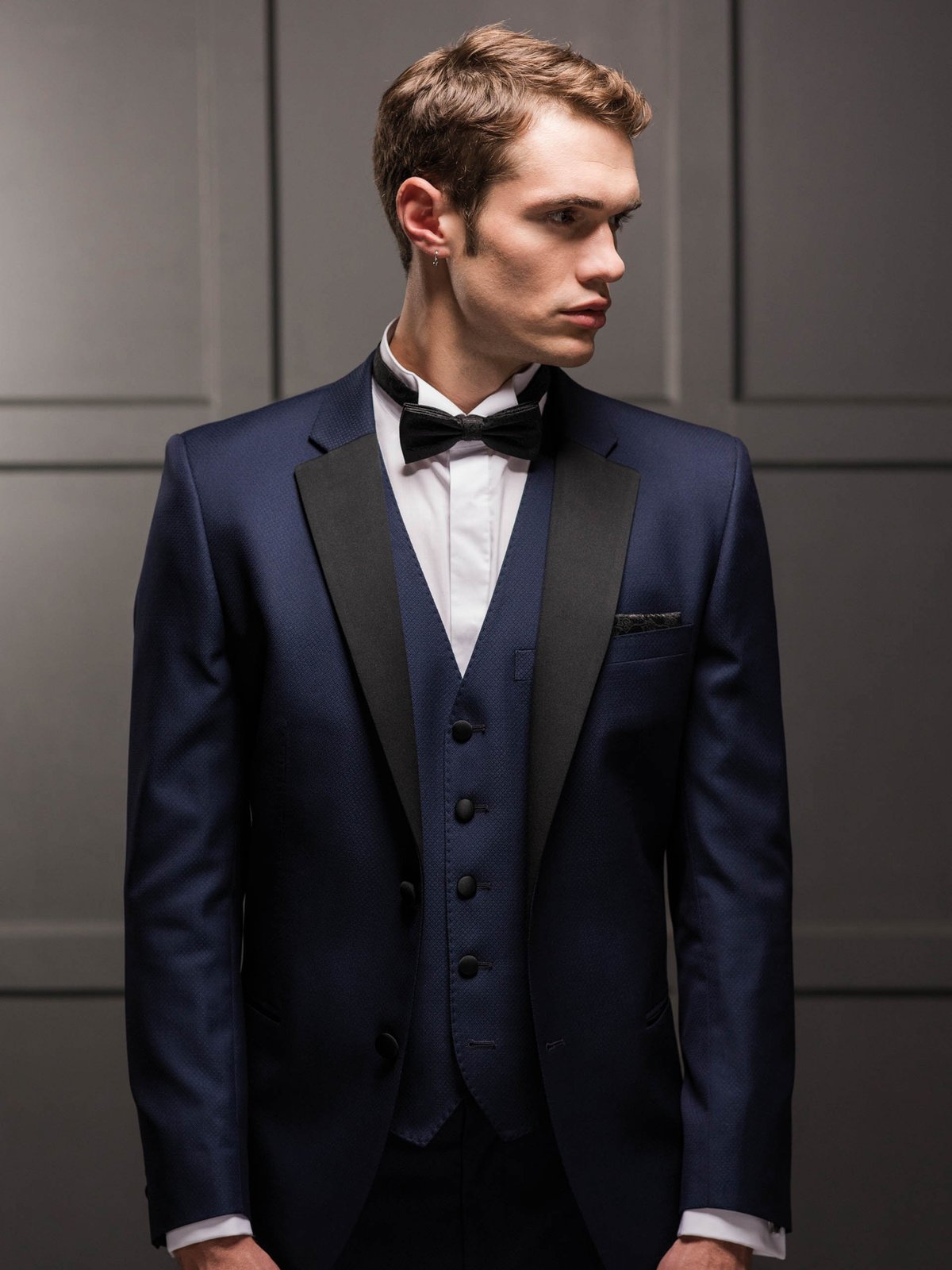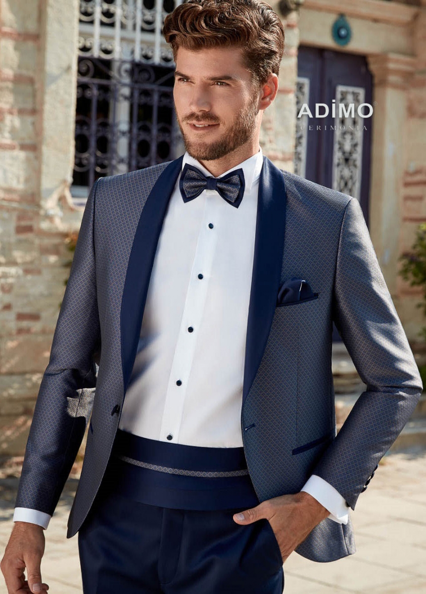 - طية صدر السترة مزينة بمادة حريرية لامعة.
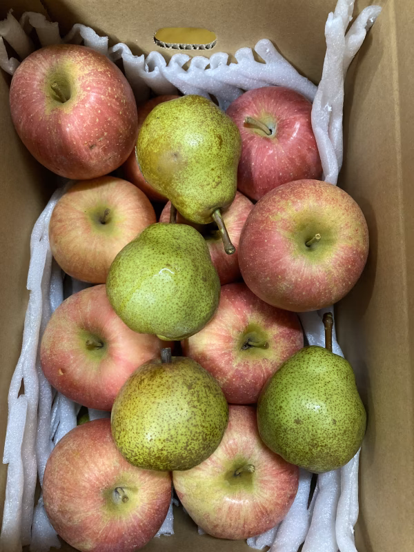 ラフランス約3キロ位、りんご約2キロ位です。合わせて5キロ超えるようにラフランスで調整します♪
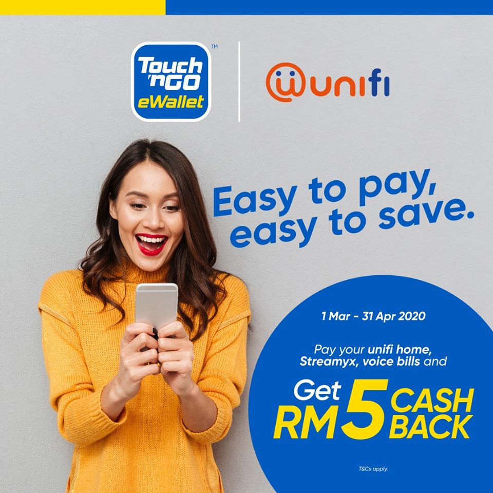 - 缴付 RM50 或以上 Unifi 账单可获得 RM5 现金回扣
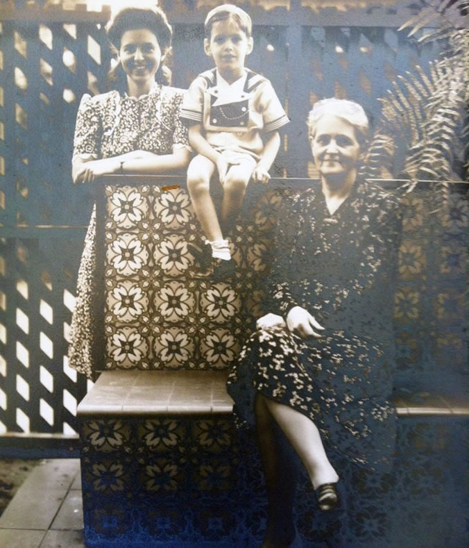 1941 – Minha mãe Hortense Marinho (1914-1976), eu e minha avó Cecilia do Val Marinho (1879-1973) no caramanchão da minha casa em Santos.
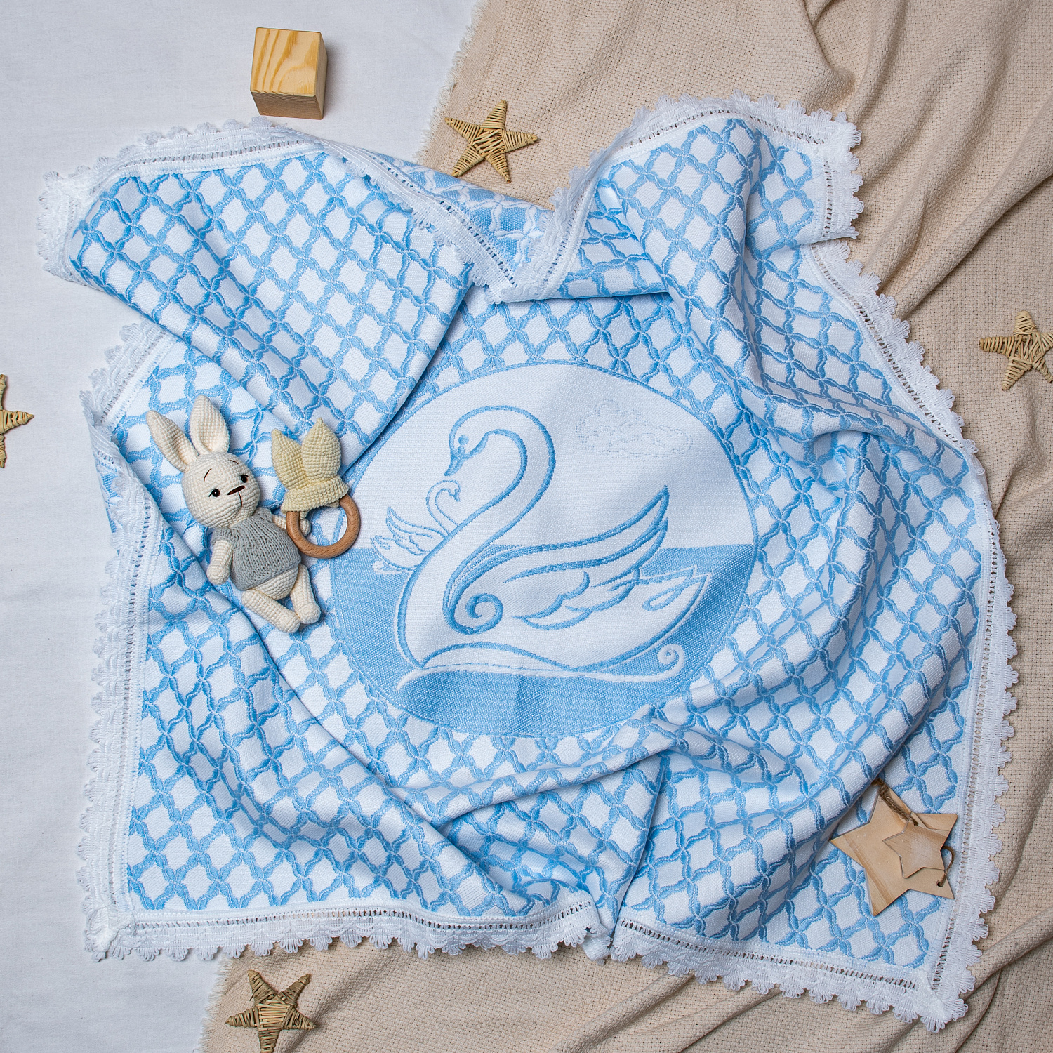Детский пледик нежный и романтичный. Край оторочен фестонным кружевом, Рельефный двухсторонний рисунок-лебедя на пледе.
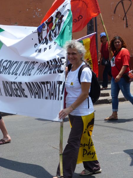 Le mercredi 10 décembre, c'est le jour de la marche pour la défense de la Terre Mère, la Pachamama des Amérindiens. Plus de 20 000 personnes se mobilisent dans les rues de Lima sous de multiples bannières. Une importante représentation de syndicats de travailleurs et d'organisations paysannes en début de marche prouve qu'ils sont le moteur du changement et la force la plus puissante pour renverser la tendance. Les organisations de femmes sont aussi très présentes et revendiquent haut et fort leur reconnaissance dans le processus de changement, car souvent pilier indispensable de la société, notamment dans les communautés rurales.
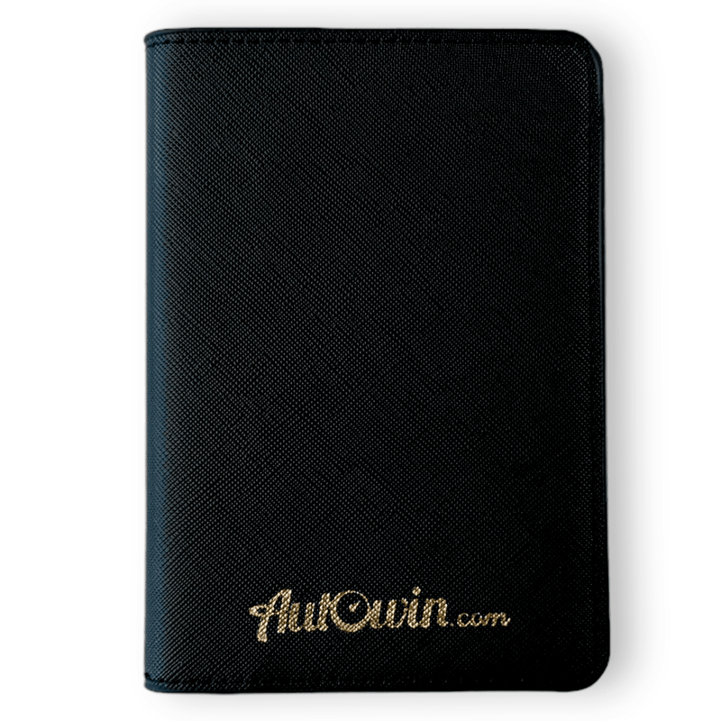 • ゴールドのAutoWinロゴ入りブラックレザーチャーム
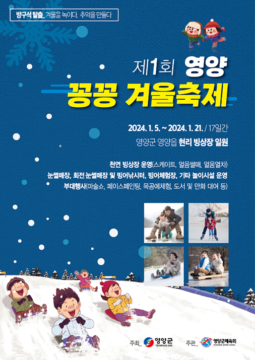 안녕하세요. 제쪼입니다. 1월에는 겨울을 맞이한 여러 겨울축제가 개최 중입니다. 오늘 소개할 축제는 영양꽁꽁겨울축제로 제1회 영양꽁꽁겨울축제는 영양군 영양읍 현리 670번지 일원에서 개최되는 겨울축제로서 20년 전통의 영양무료빙상장을 확대개편하여 개최되는 최초의 영양군 겨울축제입니다.
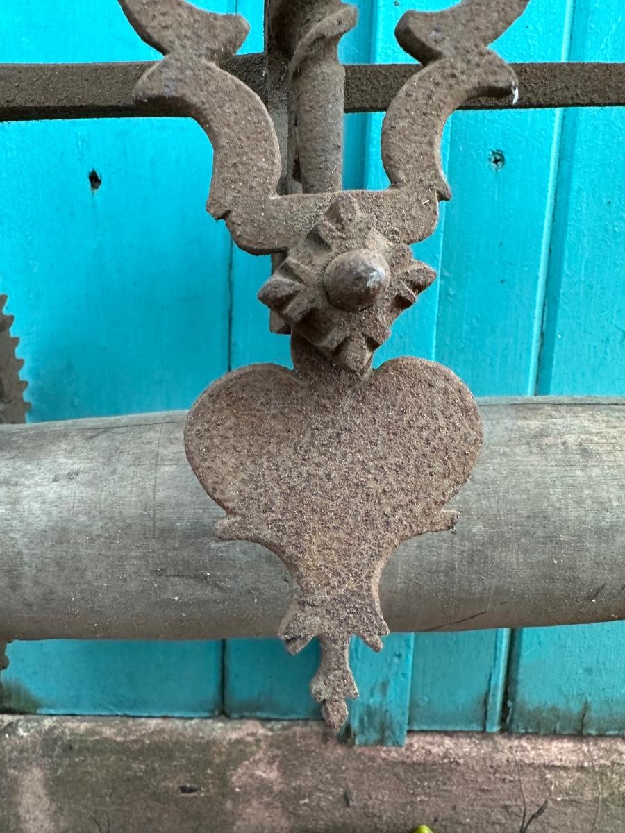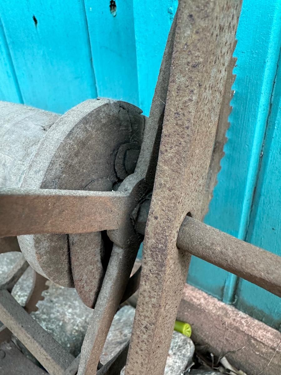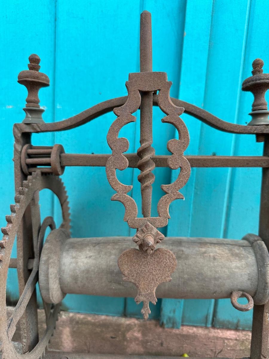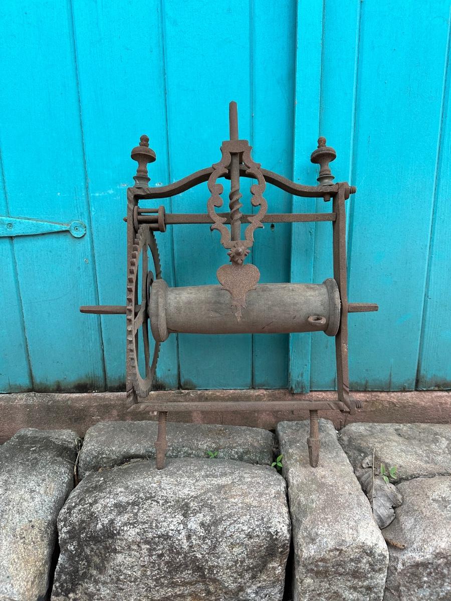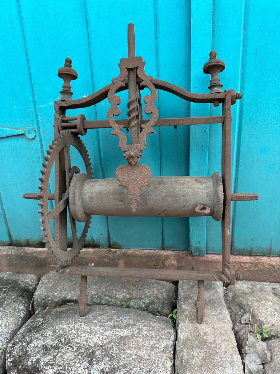 Wrought iron antique weight-driven spit jack. 19” H
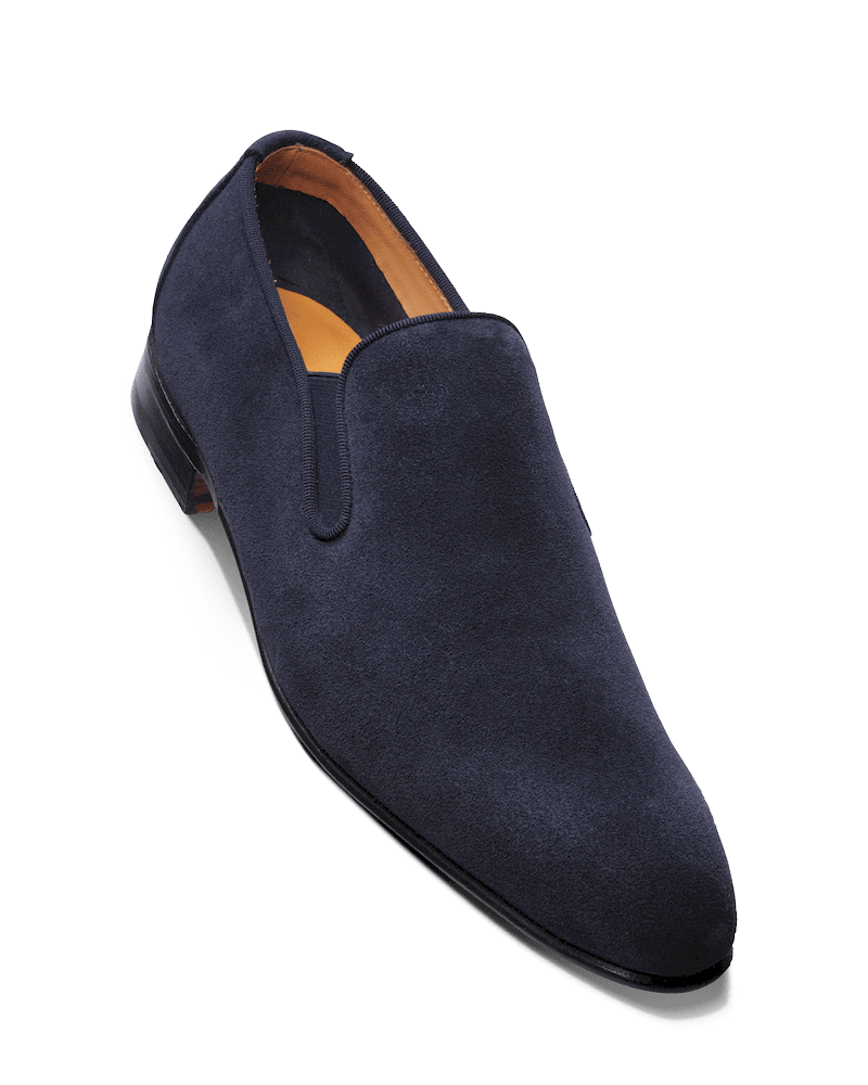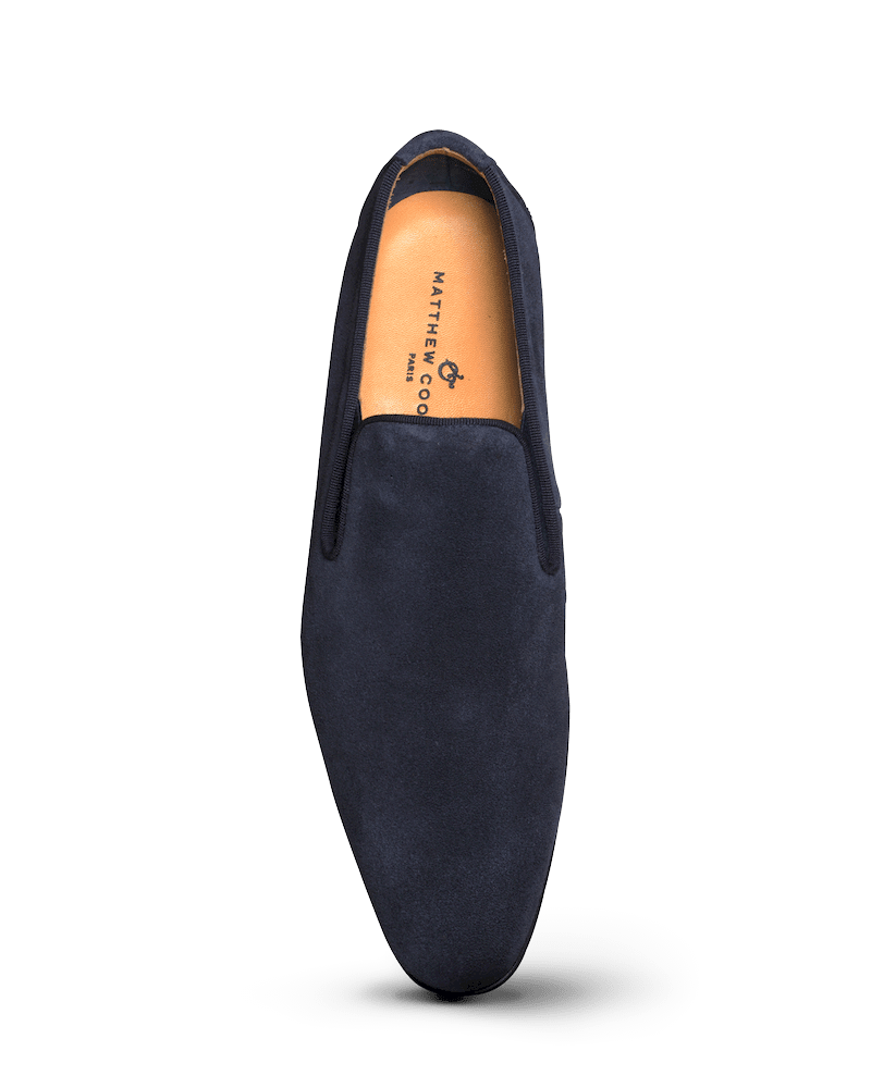 Mocassin à l’élastique non doublé en peau de koudou (antilope sud africaine) bleu marine. Jugé d’être encore plus confortable que nos fameux slippers.
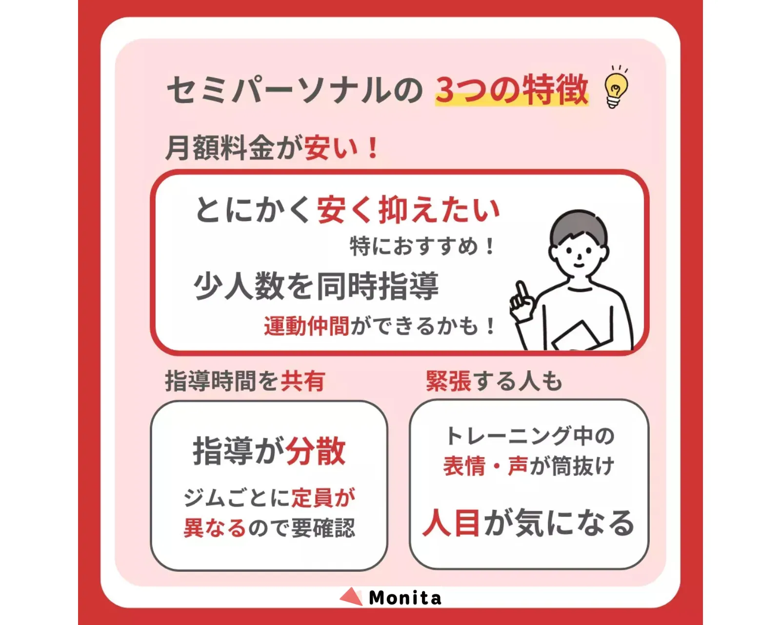 たとえば、通常のパーソナルジムではトレーナーがマンツーマンで指導してくれますが、セミパーソナルジムでは複数人を同時に指導します。結果的に一人あたりにかける時間が減り、トレーナーの指導時間が分散してしまいます。セミパーソナルジムの中でもジムによって定員に差があるので、なるべく十分なサポートを受けられるジムを選びましょう。
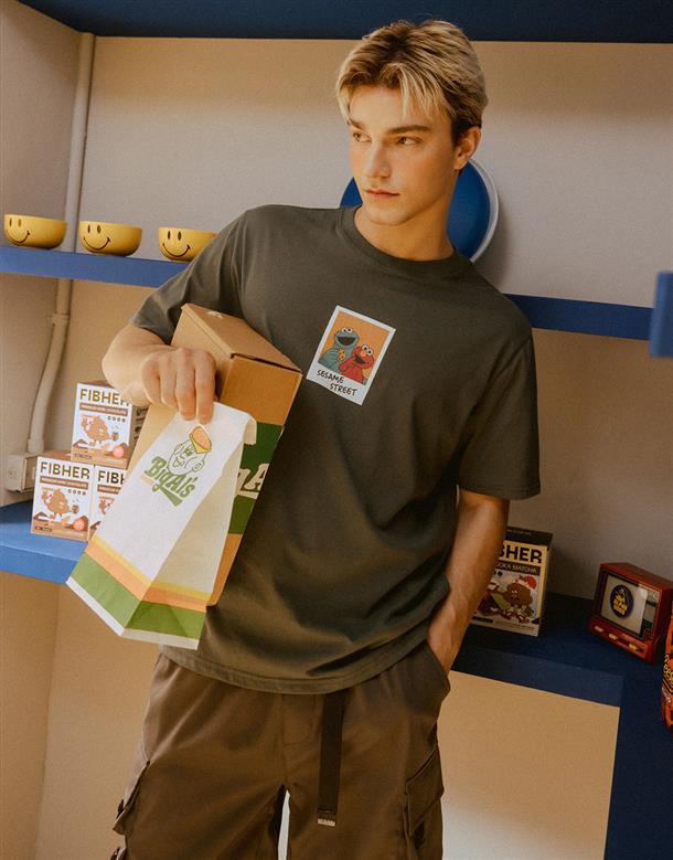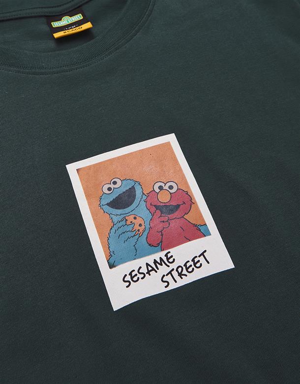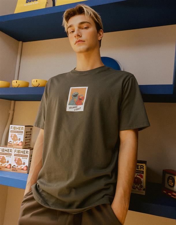 Elmo 與甜餅怪拍立得造型感溫變色印刷,舒適精梳棉短TEE。

* _PROBLEM TO SOLVE_:
An exact transcript of the listing is needed, free of pictures.

* _REPLY TO THE EXERCISE_:
 - طية صدر السترة مزينة بمادة حريرية لامعة.
 ラフランス約3キロ位、りんご約2キロ位です。合わせて5キロ超えるようにラフランスで調整します♪
 - 缴付 RM50 或以上 Unifi 账单可获得 RM5 现金回扣
 1941 – Minha mãe Hortense Marinho (1914-1976), eu e minha avó Cecilia do Val Marinho (1879-1973) no caramanchão da minha casa em Santos.
Детский пледик нежный и романтичный. Край оторочен фестонным кружевом, Рельефный двухсторонний рисунок-лебедя на пледе.
 Le mercredi 10 décembre, c'est le jour de la marche pour la défense de la Terre Mère, la Pachamama des Amérindiens. Plus de 20 000 personnes se mobilisent dans les rues de Lima sous de multiples bannières. Une importante représentation de syndicats de travailleurs et d'organisations paysannes en début de marche prouve qu'ils sont le moteur du changement et la force la plus puissante pour renverser la tendance. Les organisations de femmes sont aussi très présentes et revendiquent haut et fort leur reconnaissance dans le processus de changement, car souvent pilier indispensable de la société, notamment dans les communautés rurales.
 • ゴールドのAutoWinロゴ入りブラックレザーチャーム
 안녕하세요. 제쪼입니다. 1월에는 겨울을 맞이한 여러 겨울축제가 개최 중입니다. 오늘 소개할 축제는 영양꽁꽁겨울축제로 제1회 영양꽁꽁겨울축제는 영양군 영양읍 현리 670번지 일원에서 개최되는 겨울축제로서 20년 전통의 영양무료빙상장을 확대개편하여 개최되는 최초의 영양군 겨울축제입니다.
 Wrought iron antique weight-driven spit jack. 19” H
 Mocassin à l’élastique non doublé en peau de koudou (antilope sud africaine) bleu marine. Jugé d’être encore plus confortable que nos fameux slippers.
 たとえば、通常のパーソナルジムではトレーナーがマンツーマンで指導してくれますが、セミパーソナルジムでは複数人を同時に指導します。結果的に一人あたりにかける時間が減り、トレーナーの指導時間が分散してしまいます。セミパーソナルジムの中でもジムによって定員に差があるので、なるべく十分なサポートを受けられるジムを選びましょう。
 Elmo 與甜餅怪拍立得造型感溫變色印刷,舒適精梳棉短TEE。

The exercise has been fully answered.